Petroleum Services Association of Canada releases 2017 Canadian Drilling Activity Forecast

Photo by Unedited Media, Flickr Creative Commons

CALGARY, AB – The Petroleum Services Association of Canada announced the 2017 Drilling Activity Forecast today.

PSAC expects a total of 4,175 wells to be drilled in Canada in 2017. For 2016, the Association’s final forecast estimates a yearly total of 3,950 wells.

“We are seeing a small uptick in activity for 2016/2017 as we head in to our traditional winter drilling and completion season. Beyond that, it is hard to find support for any significant ramp up of activity over what we are forecasting, as geopolitics and increased supply continue to keep commodity prices low, and lack of access to global markets keeps a chokehold on the Canadian industry.” says PSAC President, Mark Salkeld.

For the provincial forecast in 2017, PSAC estimates 1,900 wells to be drilled in Alberta, up 53 from the previous year. 1,940 wells for Saskatchewan will be drilled, an increase of 240 wells from the previous year.
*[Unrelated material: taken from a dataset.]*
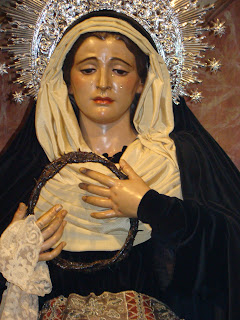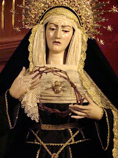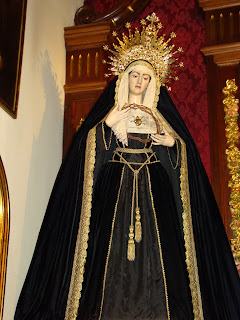 » En la ciudad de Sevilla llegado el mes de noviembre existe la tradición de ataviar a las dolorosas de acorde a la celebración religiosa del mes de los difuntos, es decir casi todas son vestidas de negro, color representativo del luto, aunque existen sus excepciones. Les mostramos las dolorosas que procesionan en la jornada del Lunes Santo.»

Drilling activity in Manitoba is expected to decline by 68% year-over-year, from 74 wells in 2016 to 50 wells in 2017. Activity here in B.C. is also projected to decline from 320 wells in 2016 to 280 wells in 2017.

The Association expects 2017’s activity to be better than 2016, the projected total of 4,175 wells is still 63% lower than the number of wells drilled in 2014.

“The Canadian oilfield service, supply and manufacturing sector is a leader in providing innovation and technological support for Canada’s responsibly-developed oil and gas resources and like our customers, the producers, we are limited in our growth here in Canada as long as we only have one customer , the U.S., a customer that has quickly become our biggest competitor”. Salkeld goes on to say, “the world needs more Canadian oil and gas and it also needs more of the leading edge technology and expertise that comes from the Canadian oilfield services, supply and manufacturing sector, now more than ever while we have surplus capacity.” Said Salkeld.